Dudley was one of only a few predominantly Black high schools in the state that were allowed to remain open during desegregation in North Carolina. More often, those schools were closed and the students reassigned to majority-white schools.
So, in the fall of 1971, the unimaginable became reality: Dudley had its first white athletes, cheerleaders, majorettes, Junior ROTC cadets and student leaders.
It was hardly a perfect transition. There was some tension and awkwardness, especially in the beginning. Some students resented having to leave Dudley and some resented having to come to Dudley. But in time friendships were forged, some of them lasting.
And, in the spring of 1973, the first racially mixed class in Dudley’s history received diplomas.
Many of those students will convene at the Marriott Greensboro Downtown this weekend to reconnect, to reflect and, of course, to party.
The Dudley Consolidated Class of 1973, as it calls itself, is especially unique because it involves an “extended family.” Among those who have taken part in the planning of this year’s reunion:
Thus there will be three speakers at Saturday’s banquet:
- A white graduate, Leann Nease Brown, who now practices law at a Chapel Hill firm, Brown and Bunch PLLC.
- A Black alumnus, Thurman Guy, Ph.D., who attended Dudley as a sophomore but was redistricted to Page High School, where he graduated.
- And Black alumnus Howard “T.Y.” Moore, Student Council president in 1973, who spent all three of his high school years at Dudley.
As for John Allen Wall, now a Chicago attorney, he not only plans to attend the reunion but is working on a book about his experiences at Dudley and is conducting a survey of fellow alumni.
Wonder what they’ll say.
In 1971 Greensboro was considered a national model for school desegregation.

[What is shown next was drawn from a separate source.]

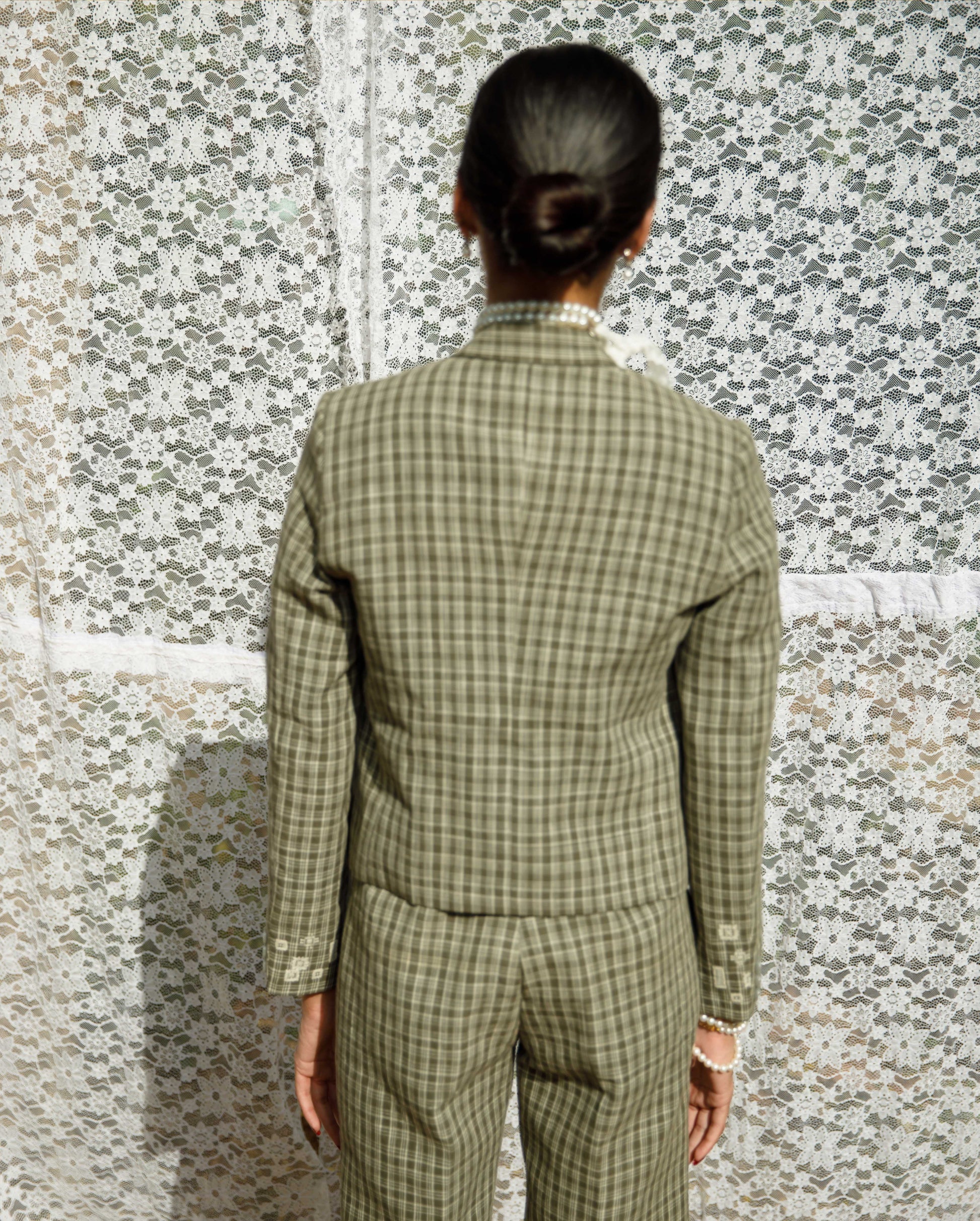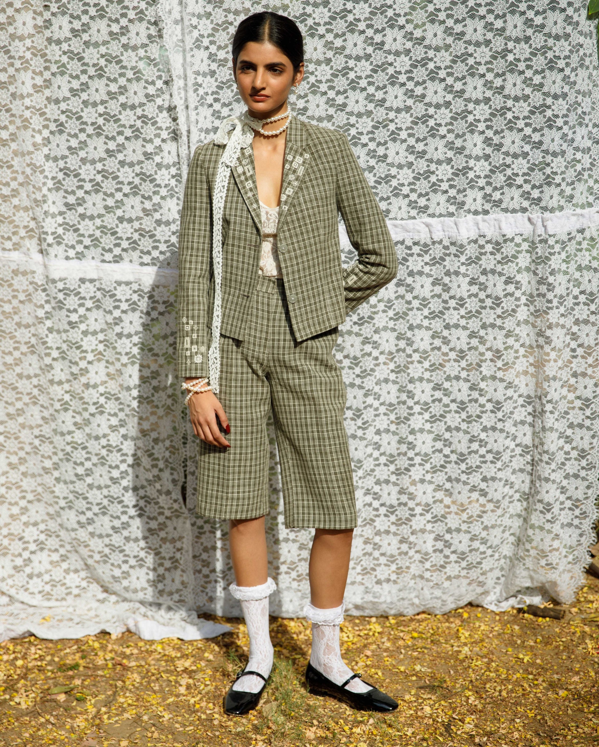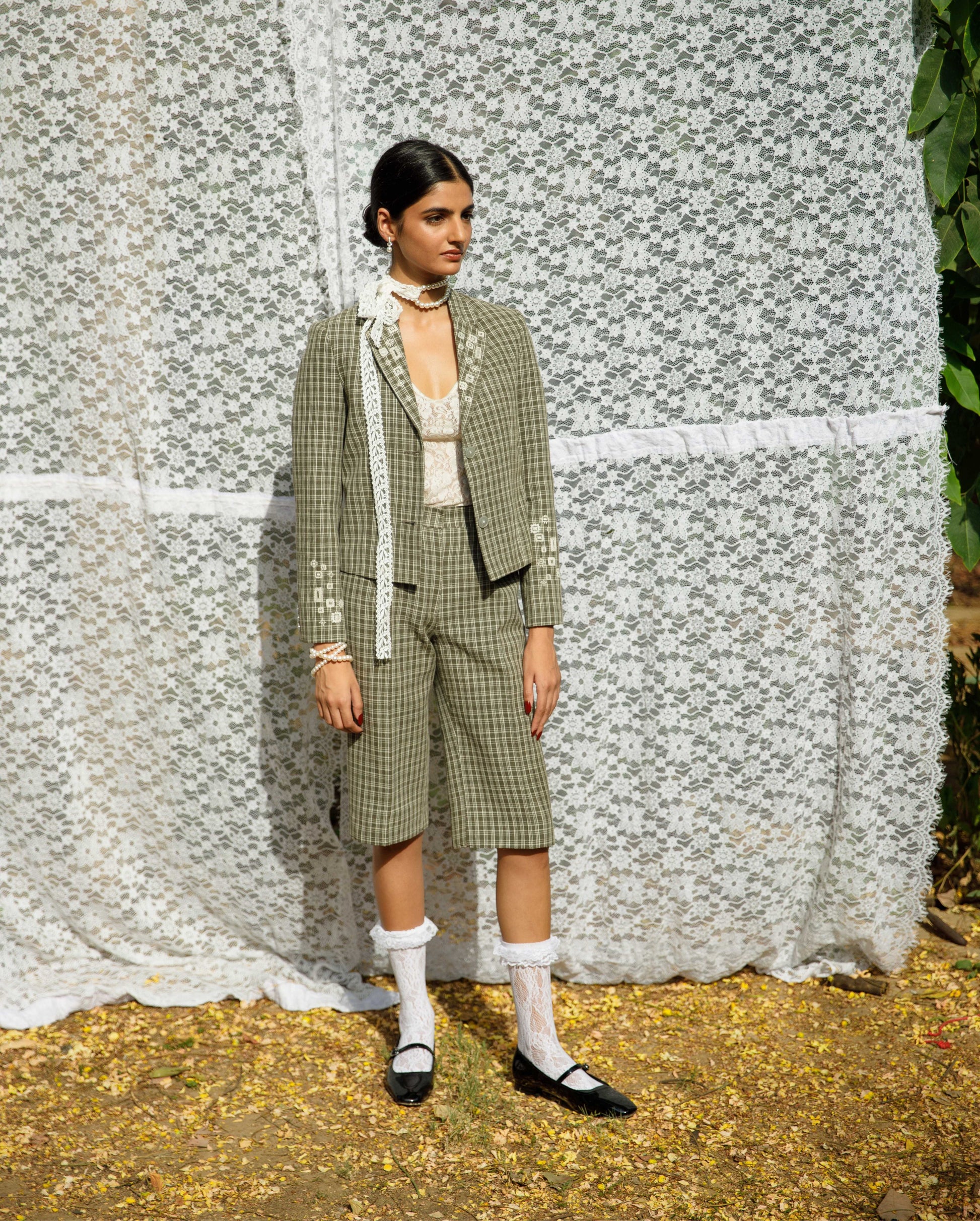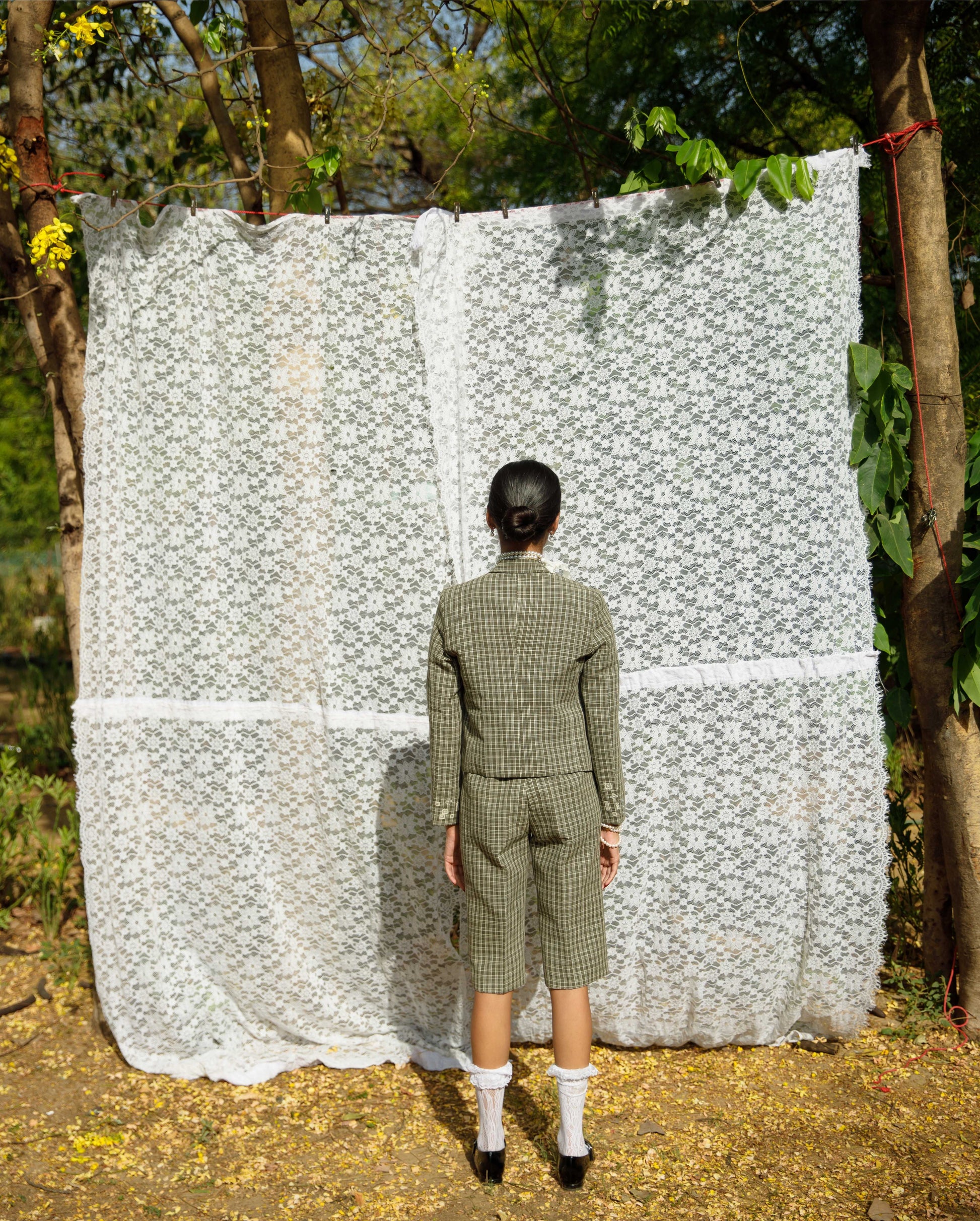 The Zira suit set combines natural pomegranate-dyed cotton woven in malkha, with detailed geometric aari handwork. Designed to be cherished heirlooms in our wardrobes, ensuring wearability and character.
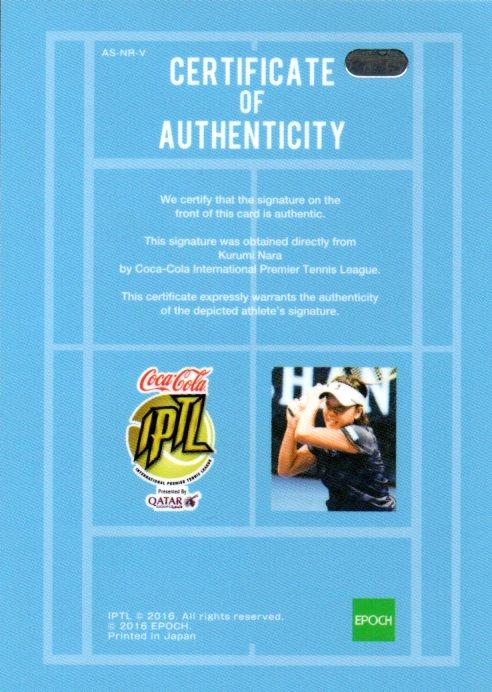 2016 EPOCH コカ・コーラ インターナショナル・プレミア・テニスリーグ (IPTL) カードセット Kurumi Nara Autograph 13/59

It had been unified, intentional and proactive in making the plan work. The Chamber of Commerce and Black clergy played a particularly instrumental role.
“Within a few months, experts were citing Greensboro as proof that blacks and whites could come together to make desegregation work,” William H. Chafe wrote in his 1980 book “Civilities and Civil Rights: Greensboro, North Carolina and the Black Struggle for Freedom.”
After studying desegregation in 43 communities, five organizations, including the NAACP Legal Defense Fund, declared that Greensboro’s process was “probably superior to that of almost any other city in the South.”
But as Chafe noted and we’re bearing witness today, it didn’t last.
Thanks to white flight to the suburbs and private schools, the diversity in Greensboro schools plummeted. Chafe wrote: “Over a period of seven years the school population declined by 5000 students and the ratio of white to black shifted from 68/32 to 55/45.” By 1978, four schools had become majority-Black.
Fifty years later, our brief flirtation with racial diversity seems quaint and oh so distant.
Today, what are now called Guilford County Schools are more than 60% Black and Hispanic and 27.5% white. The current Dudley student body is 2% white.
Meanwhile, state lawmakers are poised to make a bad situation worse by offering taxpayer-funded vouchers for private schools regardless of income.
So, while the Class of 1973 will no doubt celebrate and reminisce this weekend, it also may wonder whether the upheaval of 1971 was really worth it.
And what could have been if only we had stayed the course.